━━━━━ Records

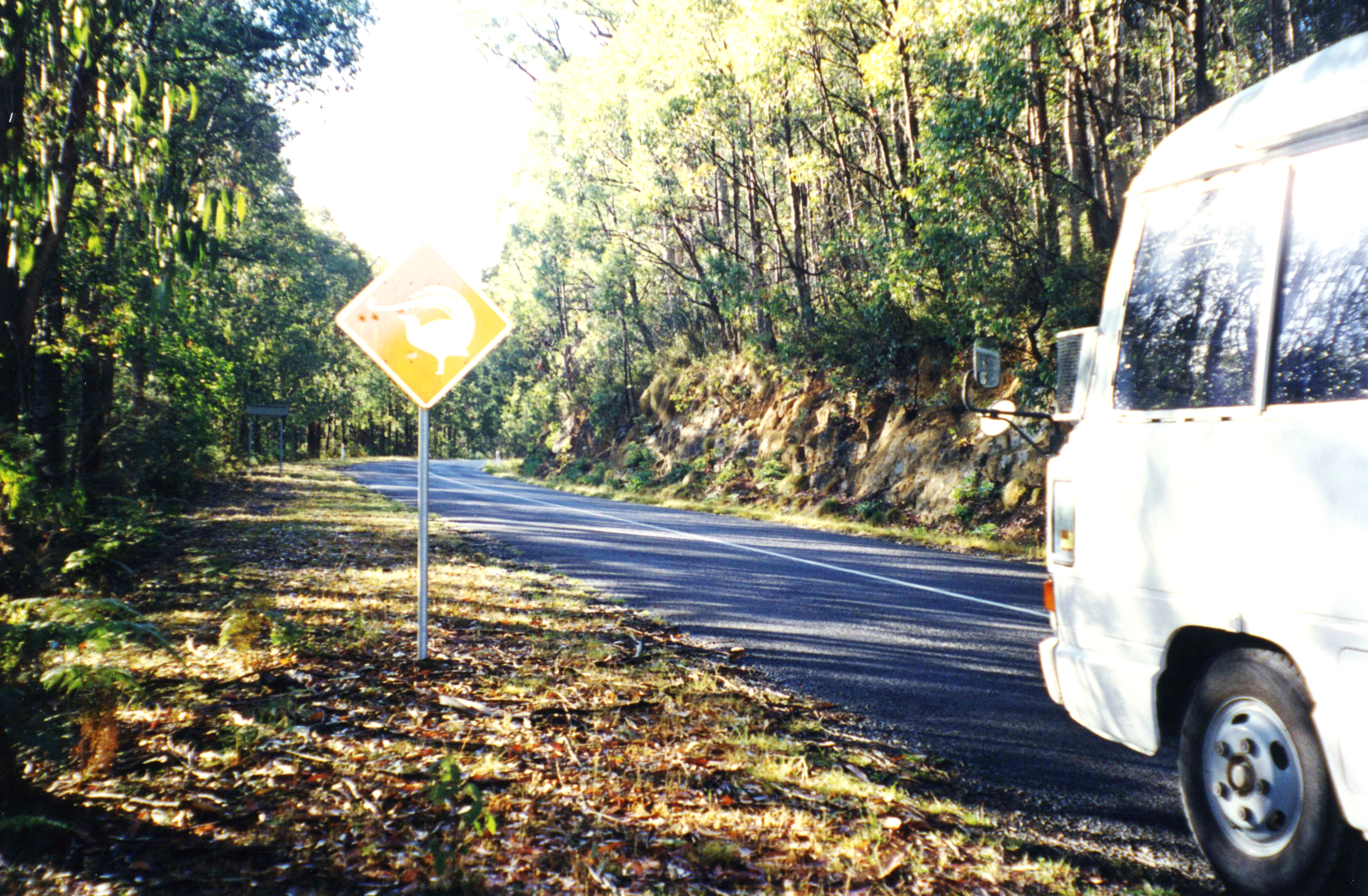 Tuesday 24th March 199 km It was a cold night, we had the eiderdown on. It also rained during the night. We phoned Tom and left about 9.00 am. Just up the road we stopped at Nicholl Lookout and looked out over deeply forested mountains, no habitation in front of us at all. Just after that I took a picture of a 'Watch out for Lyre Birds' sign and later we did see Lyre Birds.
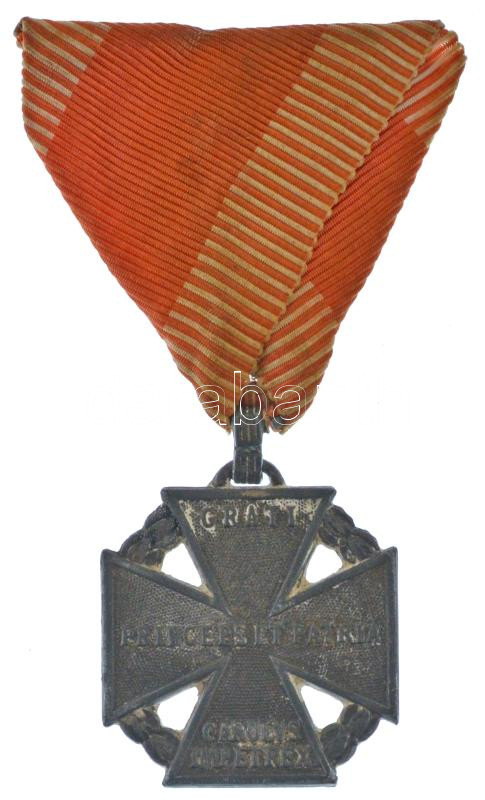 Leírás: 1916. "Károly-csapatkereszt" Zn kitüntetés mellszalagon T:XF patina / Hungary 1916. "Charles Troop Cross" Zn decoration with original ribbon C:XF patina NMK 295.
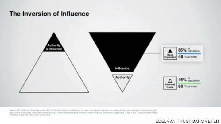 Como muestra el gráfico anterior (del Edelman Trust Barometer), en la encuesta global que se ha realizado en 2016, el 85% del público reconoce tener poca confianza en la autoridad de las élites y de las instituciones públicas y tener más confianza en sus iguales. El 15% restante del "público informado" demuestra un nivel de confianza mucho más alto.
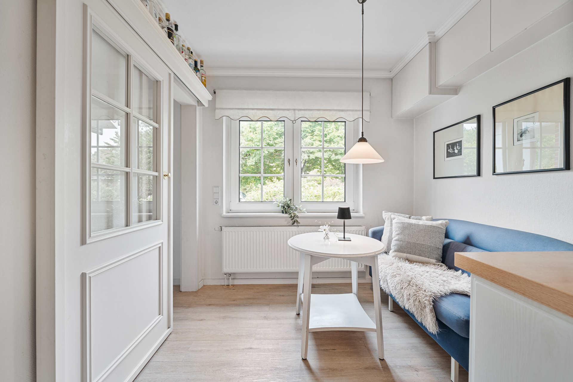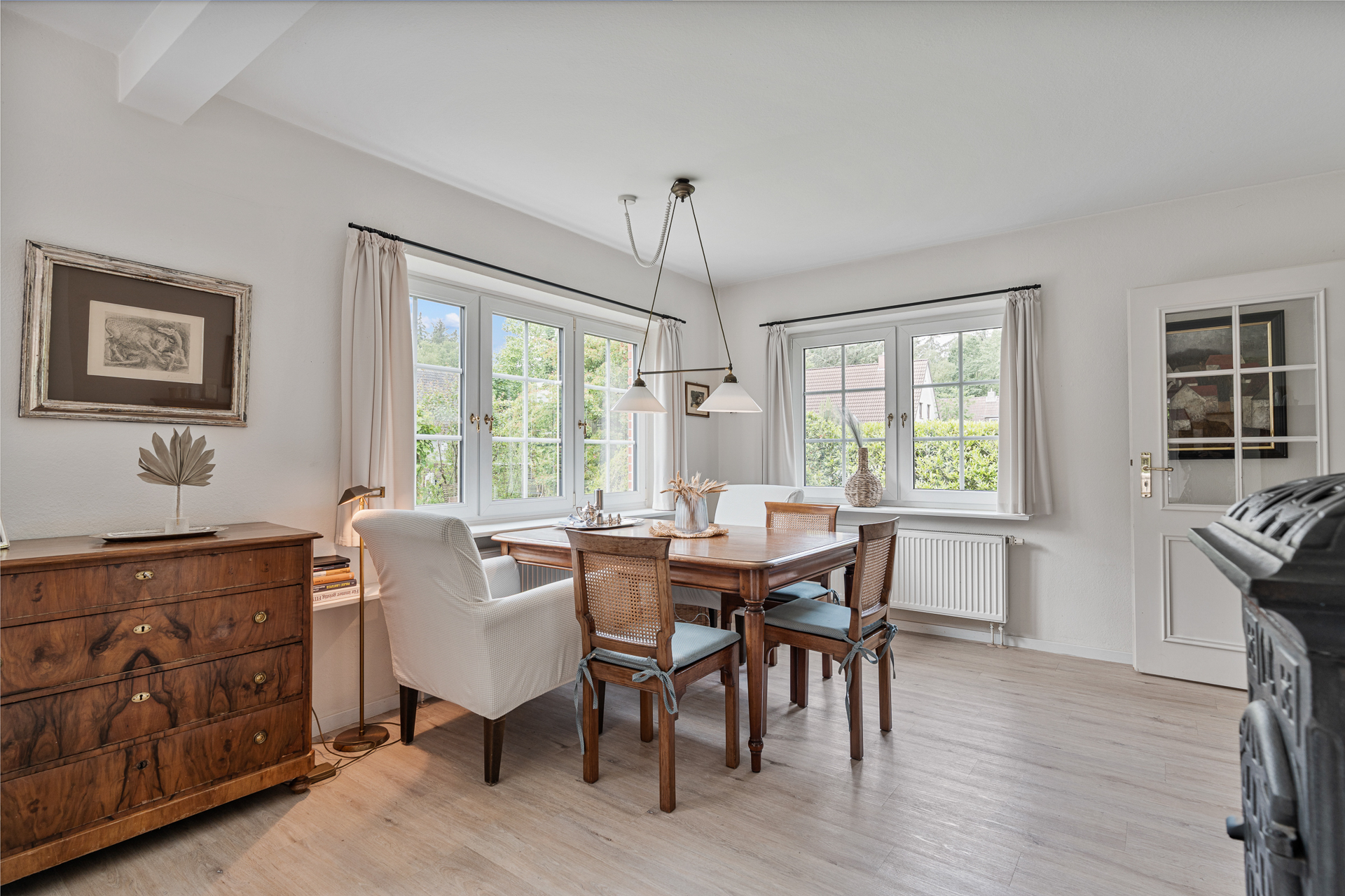 Einladend betreten Sie das Haus über eine kleine, überdachte Veranda. Der Flur öffnet sich rechts zum stilvollen Wohn- und Essbereich mit direktem Zugang zur großen, überdachten Gartenveranda - ein lichtdurchfluteter Lieblingsplatz, der zu jeder Tages- und Jahreszeit nutzbar ist. Die großzügige Fensterfront verbindet Innen- und Außenraum auf harmonische Weise.
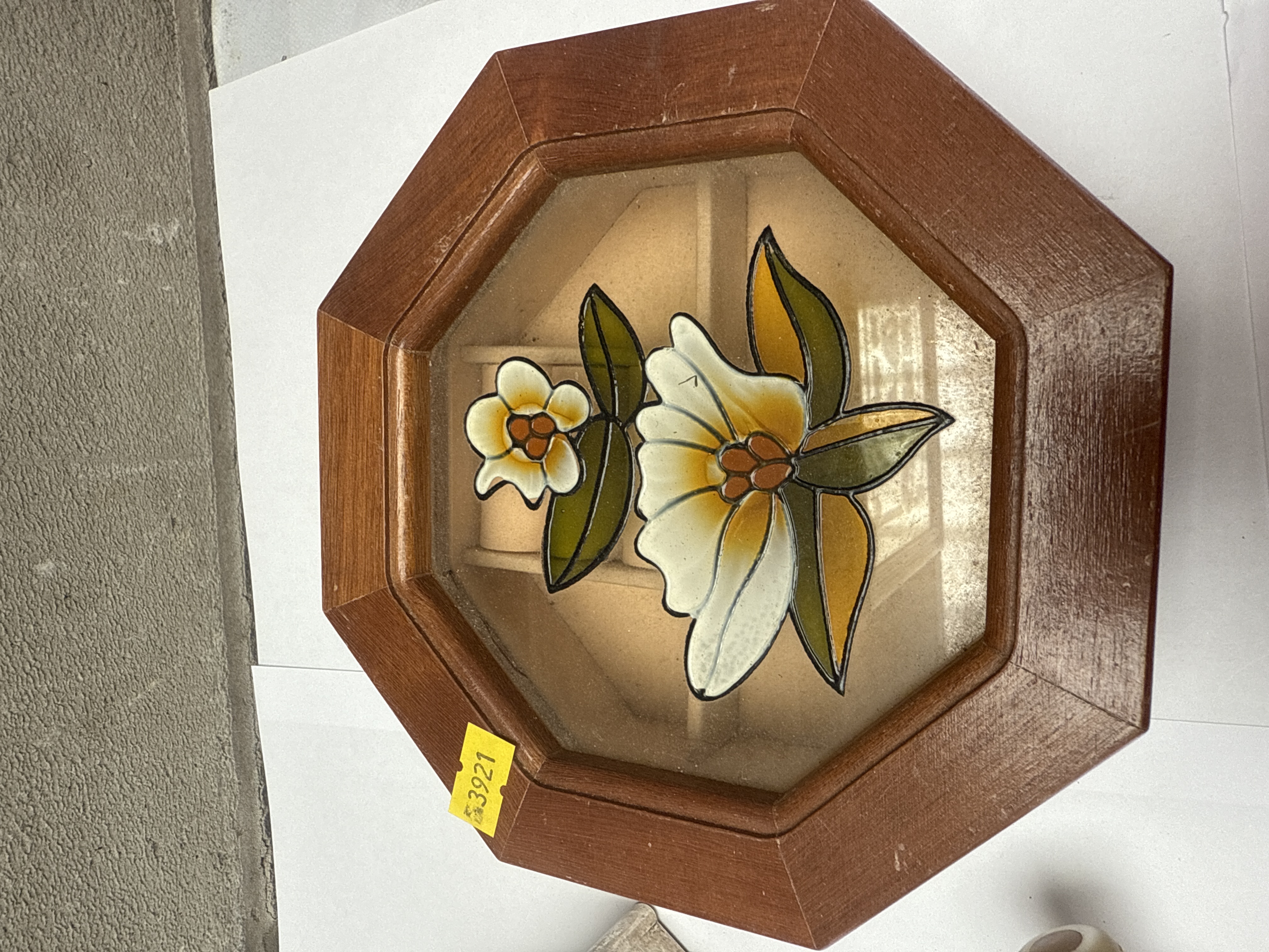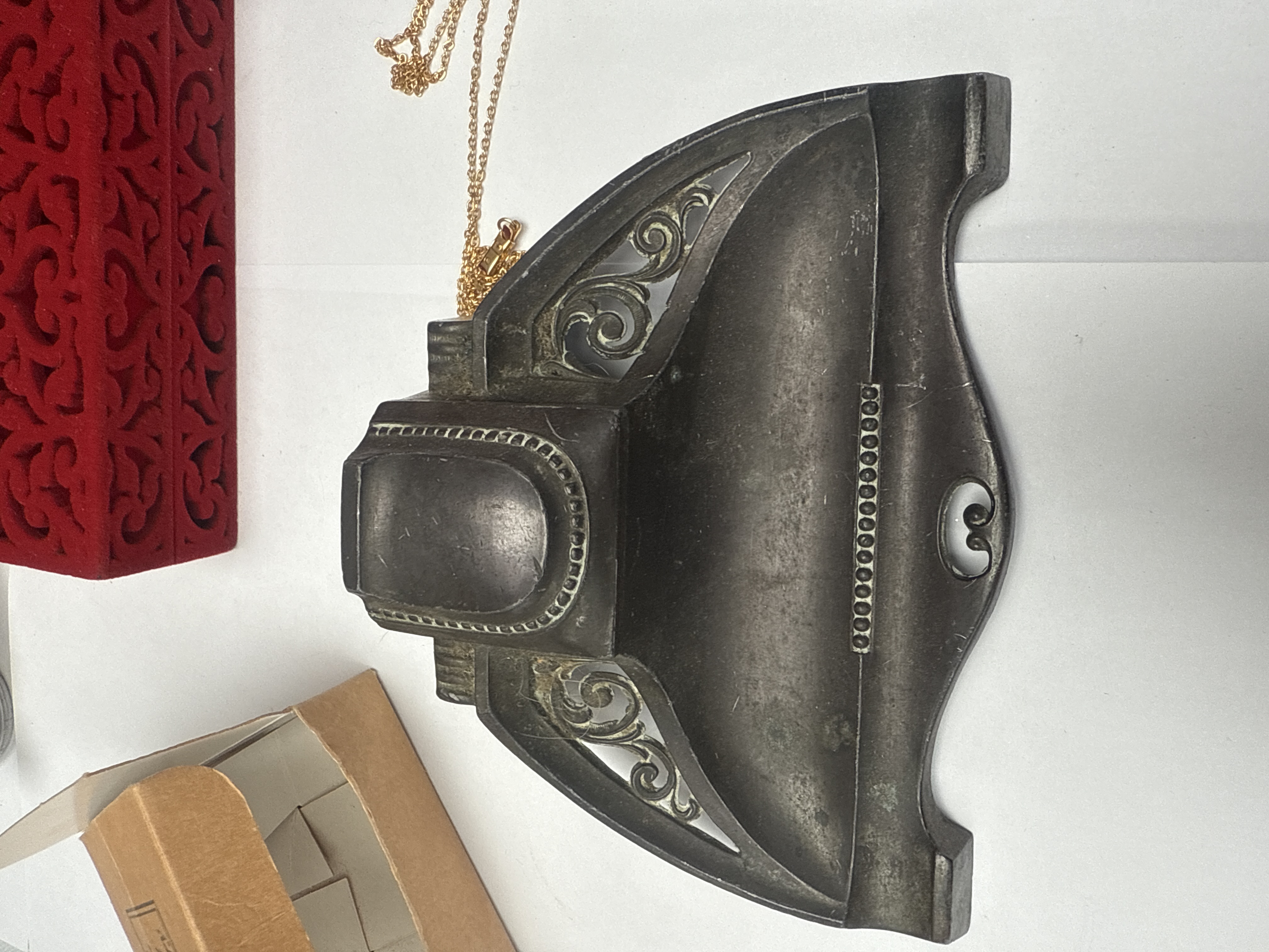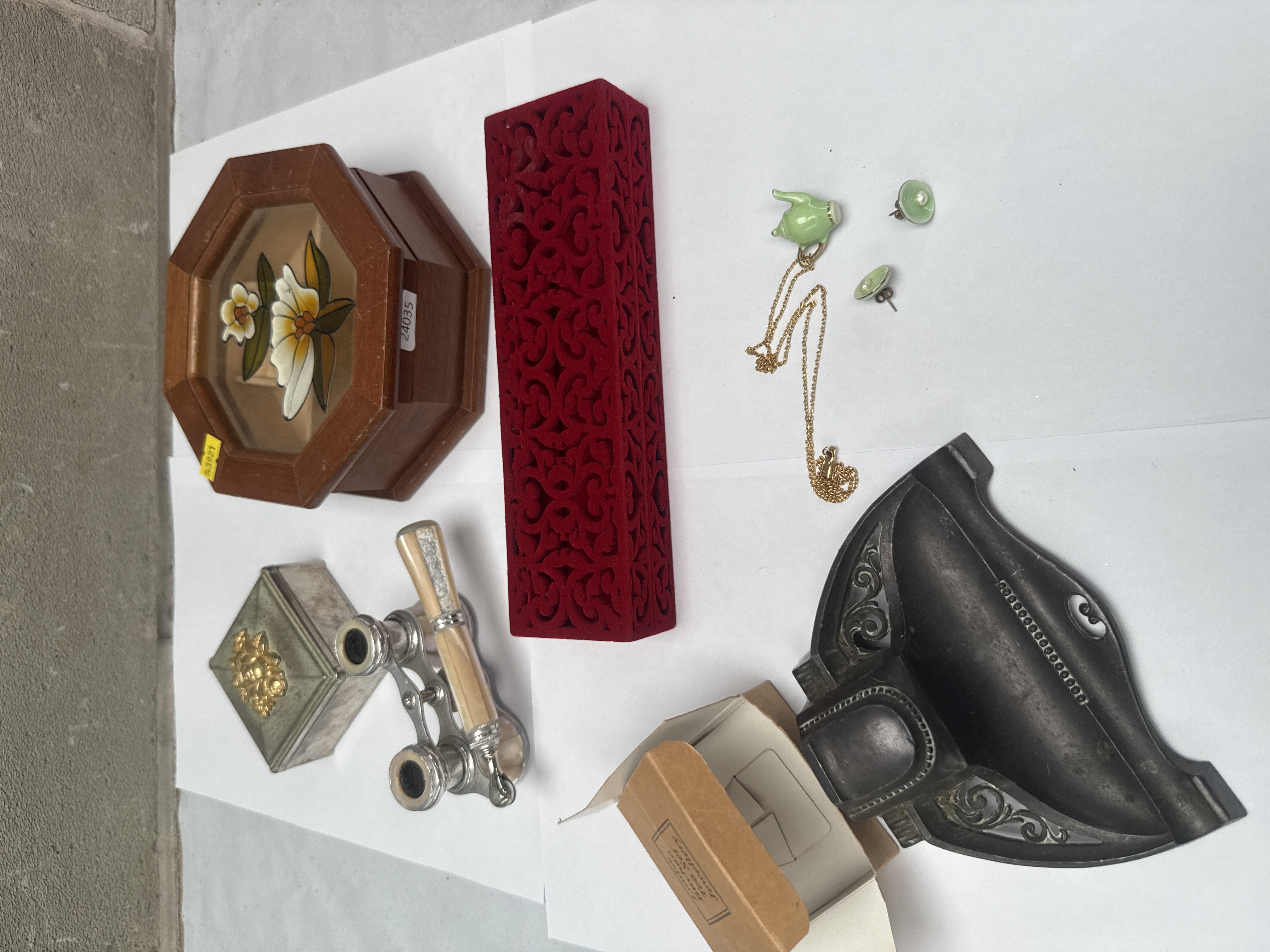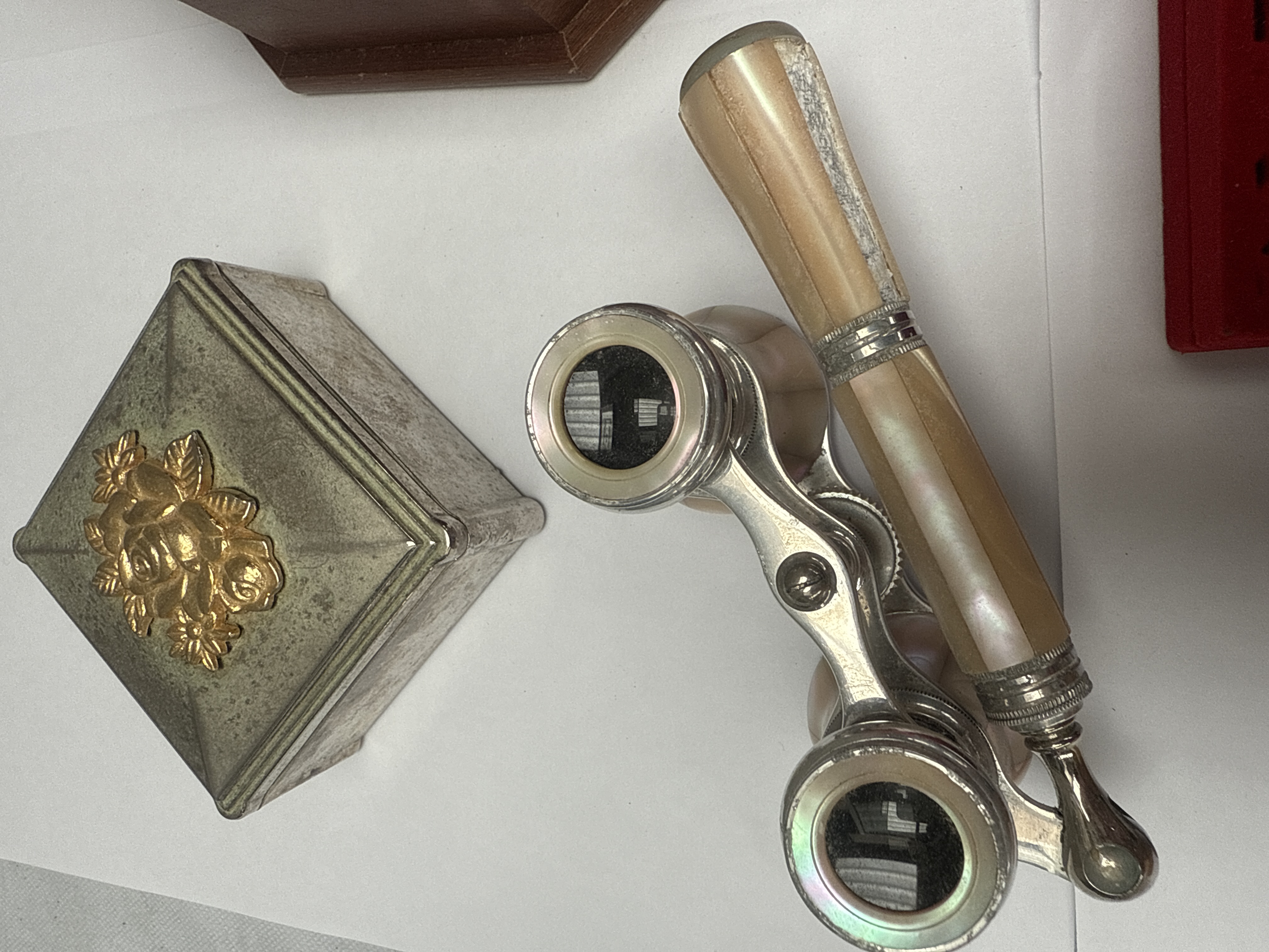 A varied collection comprising seven distinct items. Included is a square, silver-toned metal trinket box with a gilded floral appliqué lid. A pair of silver-toned metal opera glasses features mother-of-pearl handles and is marked “MADE IN FRANCE.” Also present is an octagonal wooden box with a glass lid adorned with a painted white and yellow floral design, bearing inventory stickers “F.3921” and “24035.” A rectangular red velvet-covered box with an embossed pattern on its lid is part of the lot. A heavy, dark metal desk accessory, likely a rocker blotter or paperweight, features decorative scrollwork and a curvilinear base, possibly Art Nouveau in style. An associated small, open brown cardboard box is marked “MADE IN GERMANY.” The collection is completed by a small lot of gold-toned costume jewelry, including a necklace with a green enamel teapot pendant, a plain chain, and two matching green enamel stud earrings.

━━━━━━━━━━

The problem → The material above holds pictures; leave them out and set down exactly the lines from the line with "patina NMK 295." to the line with "Einladend betreten Sie", both included.

Response to the task →
 Leírás: 1916. "Károly-csapatkereszt" Zn kitüntetés mellszalagon T:XF patina / Hungary 1916. "Charles Troop Cross" Zn decoration with original ribbon C:XF patina NMK 295.
 Como muestra el gráfico anterior (del Edelman Trust Barometer), en la encuesta global que se ha realizado en 2016, el 85% del público reconoce tener poca confianza en la autoridad de las élites y de las instituciones públicas y tener más confianza en sus iguales. El 15% restante del "público informado" demuestra un nivel de confianza mucho más alto.
 Einladend betreten Sie das Haus über eine kleine, überdachte Veranda. Der Flur öffnet sich rechts zum stilvollen Wohn- und Essbereich mit direktem Zugang zur großen, überdachten Gartenveranda - ein lichtdurchfluteter Lieblingsplatz, der zu jeder Tages- und Jahreszeit nutzbar ist. Die großzügige Fensterfront verbindet Innen- und Außenraum auf harmonische Weise.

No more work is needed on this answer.